Asked by munir

y=4x^3−19x+40
y' = 12x^2-19
So, at any point (x,y) the slope is 12x^2-19

Using the point-slope form

y-2 = y'(x-2)
4x^3−19x+40-2 = (12x^2-19)(x-2)
8x^2(3-x) = 0
x = 0,3
So, the tangents through (0,40) and (3,91) pass through (2,2)

The lines are thus
y-40 = -19x
y-91 = 89(x-3)

see the graphs at

http://www.wolframalpha.com/input/?i=plot+y%3D4x%5E3%E2%88%9219x%2B40,+y%3D-19x%2B40,+y%3D89(x-3)%2B91+for+-3%3C%3Dx%3C%3D4

I assume you meant:
y=4x^3−19x+40
let's take a quick look at the graph
http://www.wolframalpha.com/input/?i=y%3D4x3%E2%88%9219x%2B40
looks like we will have 3 different tangents from the point A(2,2)

let the point of contact be P(a,b)
obviously b = 4a^3 - 19a + 40

slope of any tangent to the curve = 12x^2 - 19
so at the point (a,b), the slope
= 12a^2 - 19

slope of AP(done the old-fashioned grade 9 way
= (b-2)/(a-2)
The key concept is that the line AP is a normal to the tangent, that is, the slopes are negative reciprocals of each other.
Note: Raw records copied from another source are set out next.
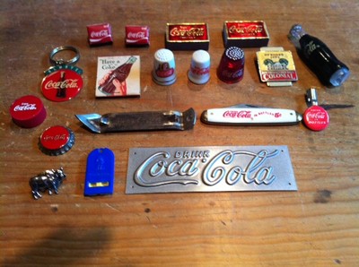 Title (ebay affiliate link): Junk Drawer Lot of Coca Cola Items Thimbles, Knife, Ect
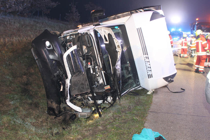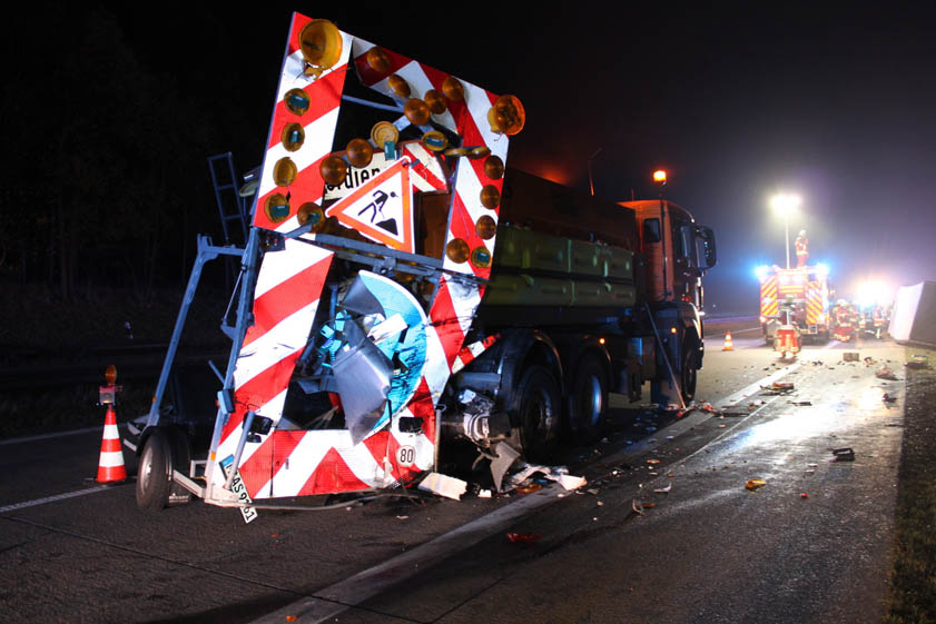"Ein Arbeiter der Autobahnmeisterei konnte sich durch einen Sprung zur Seite vor dem ankommenden Transporter retten, wurde dabei aber ebenfalls leicht verletzt", heißt es von Seiten der Beamten. Die Autobahn musste für etwa zwei Stunden komplett gesperrt werden, die Feuerwehren Langquaid und Hausen waren vor Ort.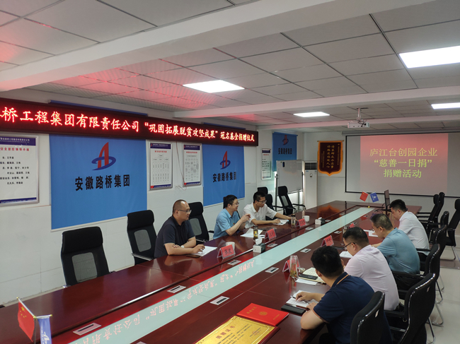 捐贈儀式上,王升副會長向與會人員介紹了此次募捐活動的由來及目的,詳細(xì)講述了廬江縣實(shí)施“一米陽光”助殘、“薪火相傳”助學(xué)、“鄰里守望”互助等三大社會幫扶工程的初衷和使命,并對公司的捐贈善舉表示感謝。隨后,干戈副書記與王升副會長簽訂關(guān)于設(shè)立“安徽路橋集團(tuán)鞏固拓展脫貧攻堅(jiān)成果三大工程基金”的協(xié)議,廬江臺創(chuàng)園管委會工會主席張波頒發(fā)捐贈證書。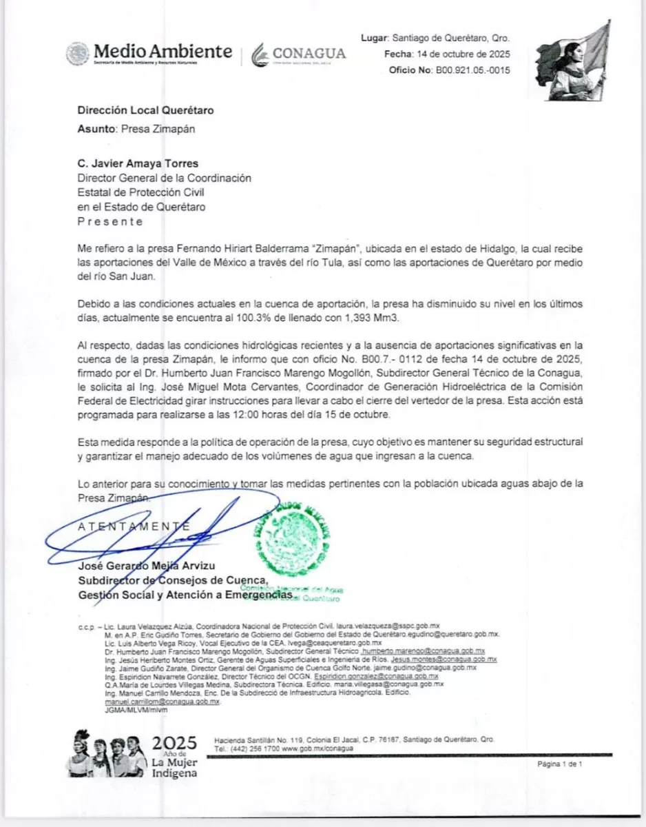 La Comisión Estatal de Aguas (CEA) informó el cierre del vertedor de la presa Zimapán, programado para las 12:00 horas del día de mañana, miércoles 15 de octubre, según una comunicación oficial a través de su cuenta de X. Esta acción, confirmada por la Comisión Nacional del Agua (@conagua_mx), es el paso previo para que la CEA comience el proceso de eliminación de sólidos de la presa derivadora del Sistema Acueducto II, antes de la puesta en marcha de sus equipos de bombeo. La entidad pidió a los ciudadanos seguir atentos a los canales oficiales para mantenerse informados sobre la evolución de la situación.

(b-2)/(a-2) = -1/(12a^2 - 19)
b-2 = (2-a)/(12a^2 - 19)
4a^3 - 19a + 40 - 2 = (2-a)/(12a^2 - 19)
48a^5 - 76a^3 - 228a^3 + 361a + 456a^2 - 722 = 2-a
48a^5 - 304a^3 + 456a^2 + 362a - 724 = 0
24a^5 - 152a^3 + 228a^2 + 181a - 362 = 0
What a nasty equation!!!!
(looks like somebody just made up some numbers without regard to the algebra involved)

I will let Wolfram do this for us
http://www.wolframalpha.com/input/?i=24a%5E5+-+152a%5E3+%2B+228a%5E2+%2B+181a+-+362+%3D+0

a = -2.8435
a = -1.26031
a = 1.25942 , plus 2 imaginary roots

not done yet!!!

let a = -2.8435
b = 2.0621 , I subbed it into the original
m = 12a^2 - 19 = 78.026

equation:
y - 2.0621 = 78.026(x + 2.8435)

that is one of the three tangents, repeat the last few steps for the other values of a

I sure hope I did not make any silly arithmetic errors.

Just go with Steve.
I was answering a totally different question I had in my mind.